Cosmos vs. Kitchens
In the late 1950s, Nikita Khrushchev ushered in a new era in the Soviet Union, commonly known as the Thaw, dialing back the brutalities of life under the previous ruler, Joseph Stalin. In this period, as the political climate softened, new possibilities for cultural development and international exchange emerged.
In 1957, the First International Festival of Youth was organized in Moscow, opening the country to foreign visitors for the first time in several decades. In 1958, despite political tensions and the space race, the United States and Russia signed an agreement for collaboration in the spheres of science, technology, education, and culture. The following year, the countries exchanged large exhibitions demonstrating their own successes: the Exhibition of Achievement of Soviet Science, Technology and Culture, which opened in New York’s Coliseum in June, and the American National Exhibition, which opened in Moscow’s Sokolniki Park in July.
While the Soviet exhibition did not garner significant American attention, the American show in Moscow became a groundbreaking event. It featured the latest American cars, early computers, Coca Cola, and a recreation of a “typical American home” with state-of-the-art kitchen and household equipment. It was here that the famous “kitchen debates” between Khrushchev and then-Vice President Richard Nixon took place, with the former proudly touting the results of the Soviet space program and Nixon bragging about the comfort of every American housewife.
Part of the American National Exhibition was devoted to American contemporary art. Thousands waited in line to see examples of abstract expressionism, which was a sharp contrast to socialist realism, the only art style openly allowed by the Soviet government. The American art show had an enormous influence on the development of underground art in the Soviet Union, while the kitchen debates prompted the Soviet government to establish a network of organizations to advance Soviet design.
The fascination of Soviet nonconformist artists with abstraction and the cosmos also found its expression in the metaphysical painting of Nikolai Vechtomov, another member of the Lianozovo Group. He created surrealist cosmic landscapes of endless flickering spaces and thick, black organic spots. Artist Lev Kropivnitsky wrote that Vechtomov’s canvases are “windows open to an unknown world—not a transcendental world or even a world of dreams or the subconscious, but a world of the cosmos, yet not the cosmos of science fiction writers.” Vechtomov once told his friend Vladimir Nemukhin, “We live in the dark and have already got used to it; we can even see things in it. But we get the light from up there... It gives us energy...”
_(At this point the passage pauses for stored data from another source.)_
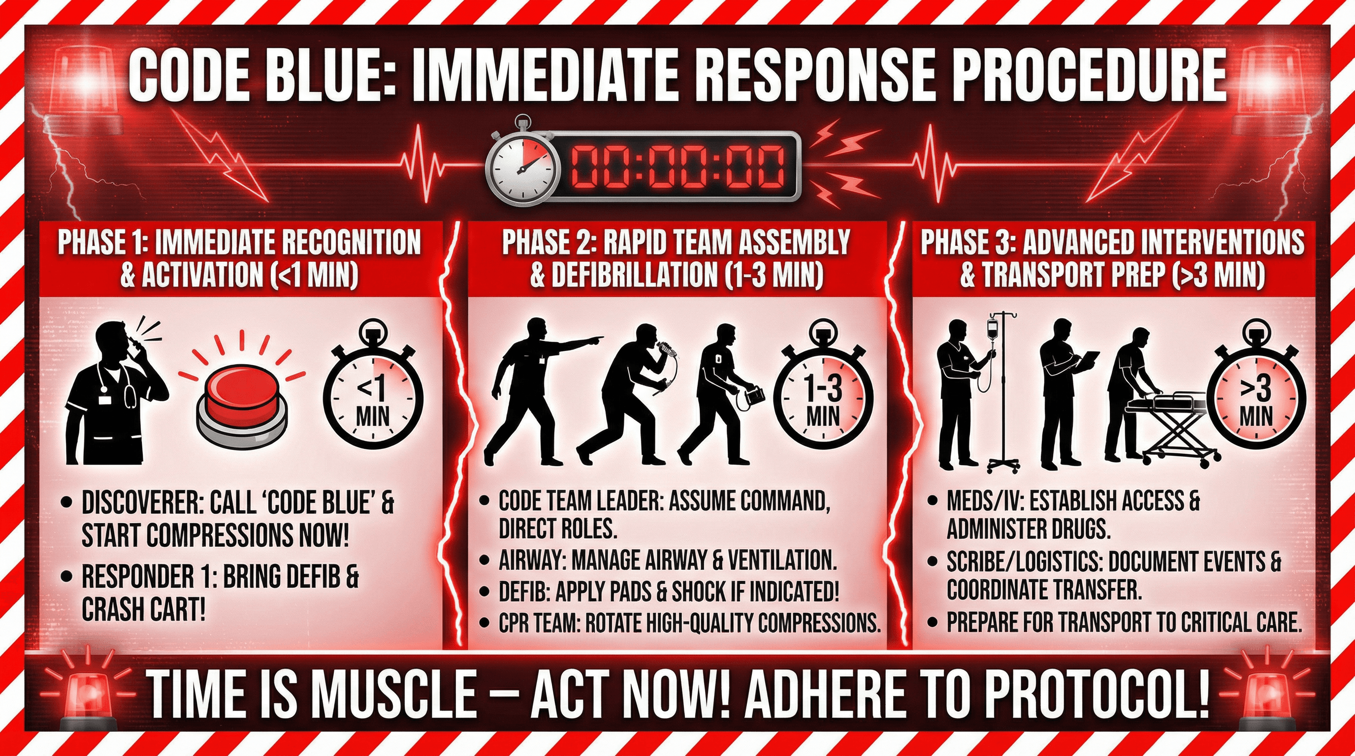 Create a slide outlining code blue response procedure with roles and timing. Design in an urgent alert style with bold red and white high-visibility colors, warning stripe borders, stopwatch graphics showing response times, silhouette figures in action poses, flashing light icon effects, and impact-heavy bold condensed typography demanding immediate attention.
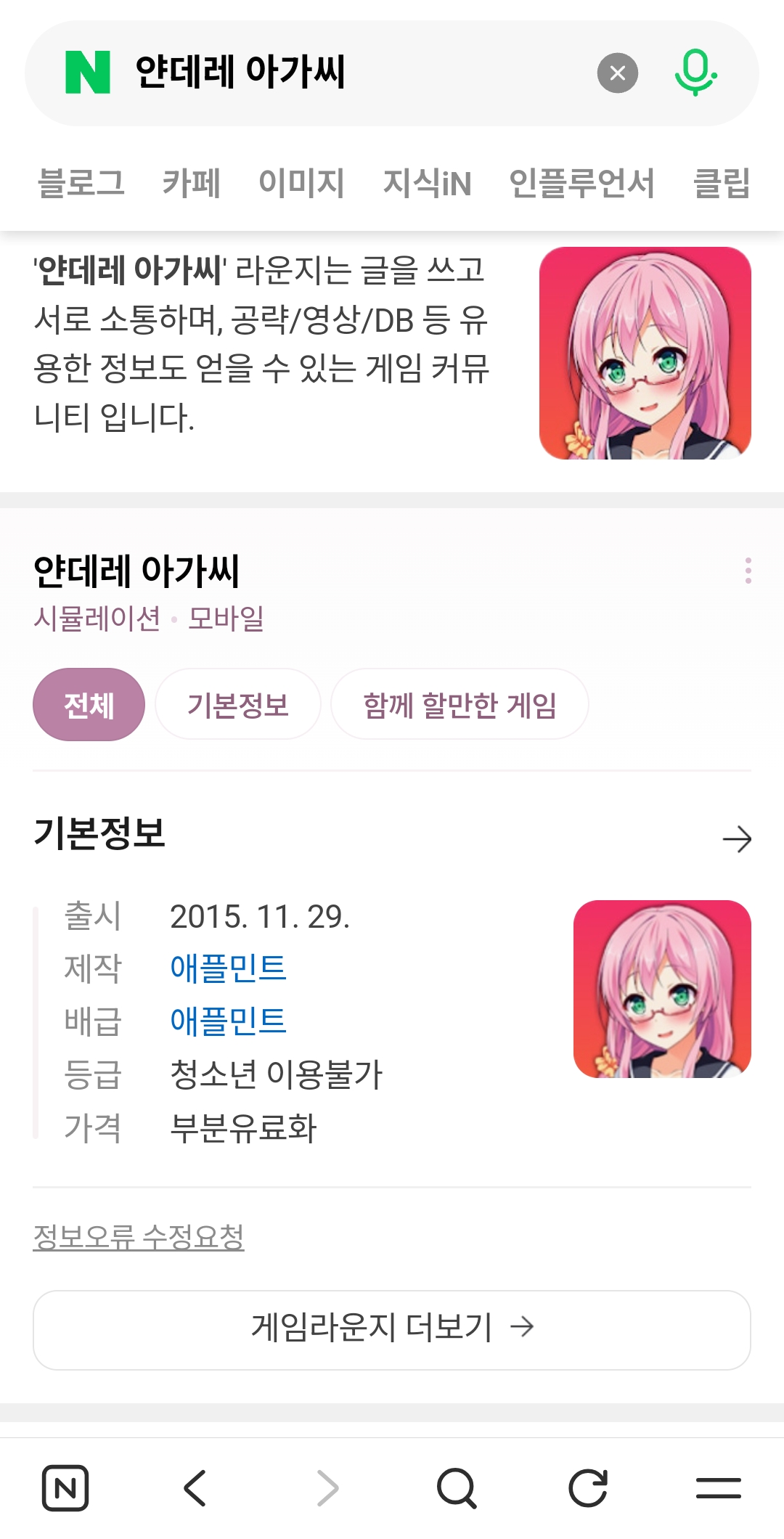 평범한송 이거 아직 있나 보군요. [일반] 작성일시 : 2025. 12. 29 (20:56) 조회 : 331 / 댓글 : 5 제가 고등학교 때 스마트폰으로 얀데레 아가씨 시뮬레이션을 했던 기억이 나길래요.그후로 스마트폰으로 게임을 하지 않는데 갑자기 생각나길래 간만에 검색해보니 아직 이 시뮬레이션이 있나 보네요. 3추천 글쓰기스크랩 신고
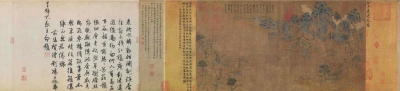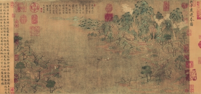 宋徽宗赵佶在前隔水处题有《展子虔游春图》。
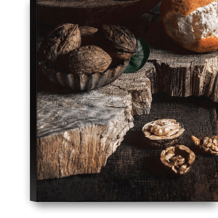 Bestelle das Foto Herbstliches Stillleben mit Mandarinen von Augen | Blicke Foto-Art als Reproduktion auf Leinwand, Alu-Dibond, als Poster, Fototapete oder Acrylglasbild.
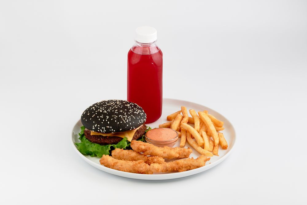 Картофель Фри-75 гр, Тори Темпура- 90 гр, Black-бургер, Напиток 0,33 л (на выбор)
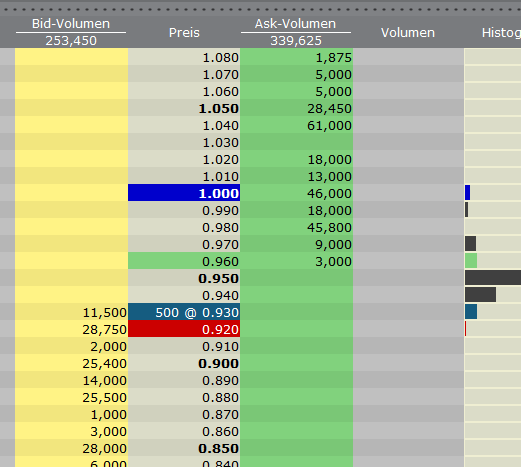 Danach brutal zurückgeführt, zuletzt mit 500 Stücken zu 0,93...tief im Minus!
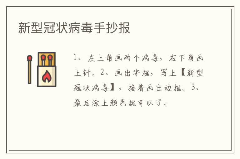 新型冠状病毒手抄报 知识分享 5月17日 编辑 童画 取消关注 关注 私信 1、左上角画两个病毒,右下角画上针。 2、画出字框,写上【新型冠状病毒】,接着画出边框。 3、最后涂上颜色就可以了。 No related posts. 本文内容由互联网用户自发贡献,该文观点仅代表作者本人。本站仅提供信息存储空间服务,不拥有所有权,不承担相关法律责任。如发现本站有涉嫌抄袭侵权/违法违规的内容, 请发送邮件至 2245678901@qq.com 举报,一经查实,本站将立刻删除。 给TA打赏 共{{data.count}}人 人已打赏
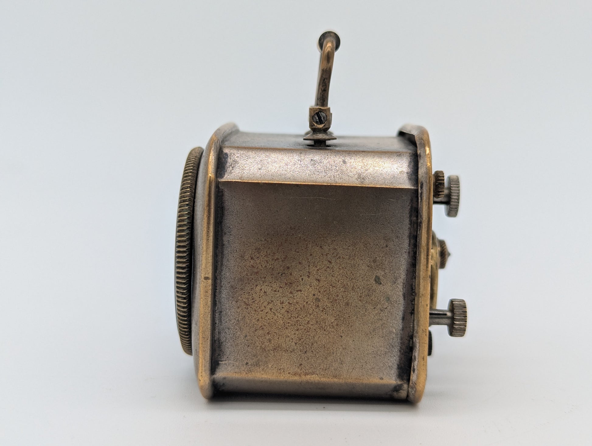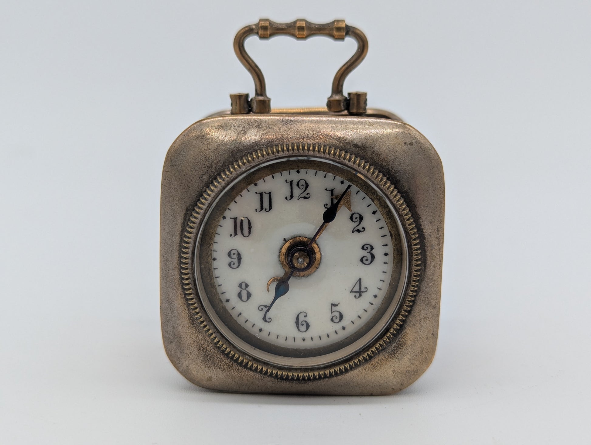 Dieser französische Miniatur Reisewecker überzeugt mit seinem charmanten Vintage-Design und kompaktem Format. Das quadratische Gehäuse ist aus Metall gefertigt und zeigt eine schöne Messingpatina, die dem Stück einen authentischen, antiken Charakter verleiht.

In the late 1950s, Yuri Zlotnikov developed a “signal system” in which he combined an artistic approach and scientific methods. He tried to create an artificial language or a certain thesaurus of defined signs that caused the observer’s equally defined reactions. The artist discussed his ideas with scientists and even subjected the results to purely experimental correlations. His faith in reason, in an “exact formula” which could arrange the world logically, foreshadowed the decade of the Soviet 1960s, with its almost religious attitude to science and its capacities.
After viewing the works of Jackson Pollock, Willem de Kooning, Mark Rothko, and others represented at the 1959 American National Exhibition in Moscow, a number of Soviet artists started to experiment in the abstract expressionist style. Some of their works made reference to the cosmos, inspired by the U.S.S.R.’s launch of the world’s first artificial Earth satellite in 1957. Thus, American abstract expressionism and Soviet space program both strongly influenced the development of nonconformist art and design in the U.S.S.R. One clear example of this dual influence is this painting by Lev Kropivnitsky, which was the first work acquired by Norton Dodge in the Soviet Union.
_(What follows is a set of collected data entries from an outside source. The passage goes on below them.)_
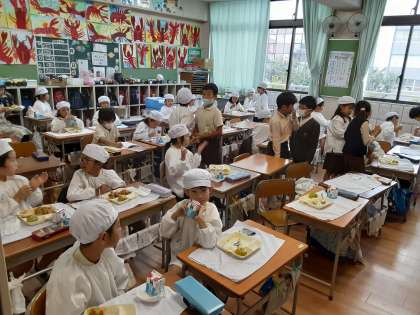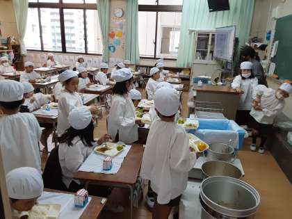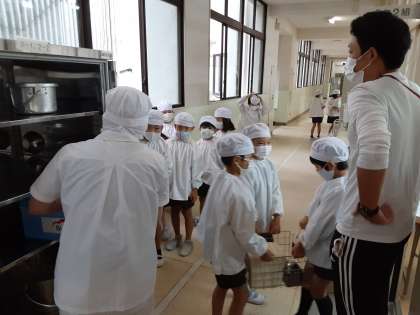 教室の前に、給食をのせたコンテナを調理員さんが持ってきてくれます。
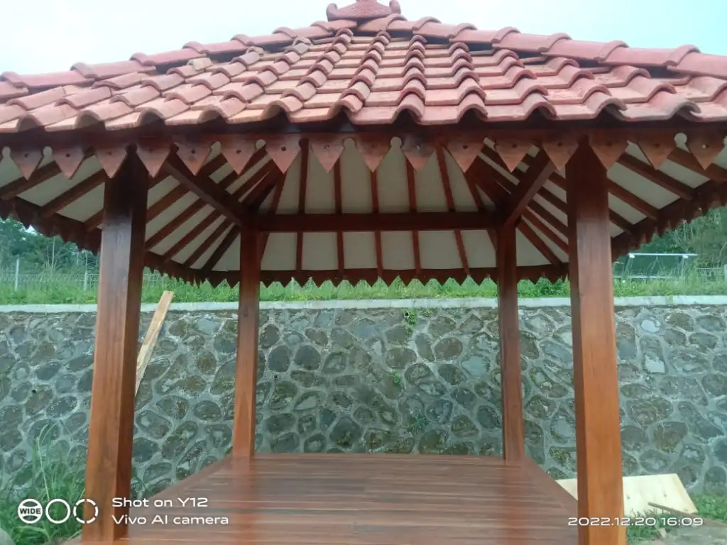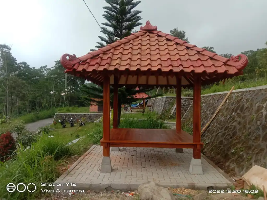 Pembangunan gazebo ini dilakukan oleh tenaga profesional di bidangnya sehingga menghasilkan konstruksi gazebo yang berkualitas. Material yang digunakan adalah kayu jati dan ditambah dengan berbagai ornamen khas rumah Jawa pada bagian atap. Kesan klasik sangat terasa pada gazebo berukuran 2×2 meter, berkat finishing material kayu berupa vernish sehingga menimbulkan efek gilap (glossy) dan memberi kesan mewah. Area lantai dibuat dengan paving dengan total luas lantai 9 m2. Pengunjung dapat bersantai di gazebo sambil menikmati keindahan embung yang asri dengan latar belakang pemandangan Gunung Merapi. Fasilitas gazebo ini dapat dijadikan sebagai spot foto baru bagi para wisatawan.
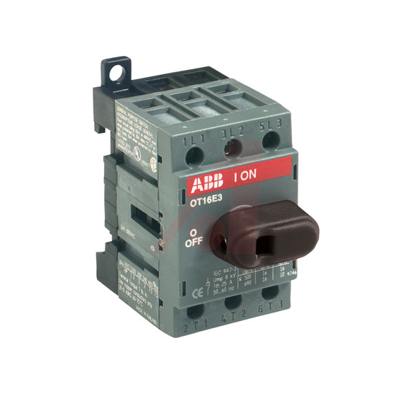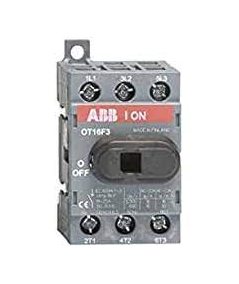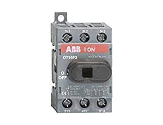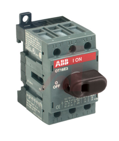 OT16F3 rozłącznik izolacyjny 16A, 3P, napęd z przodu, bez wałka i rączki, osłona zacisków kablowych IP20, montaż na płycie montażowej.

Evgenii Rukhin was a Leningrad-based nonconformist artist closely connected with the Lianozovo group in Moscow, and specifically with its leader Oscar Rabin, who had a strong influence on the artist's oeuvre. The hallmark of Rukhin’s aesthetics is the application of found objects on the surface of his paintings. In this work, he combined a piece of burlap with a painted zipper. At that time, a zipper was hard to find, while burlap was a fabric commonly used as a floor rag. By imitating a zipper sewn on this kind of fabric, Rukhin was commenting on the constant deficit of the simplest household items and the precarious state of life in the Soviet Union.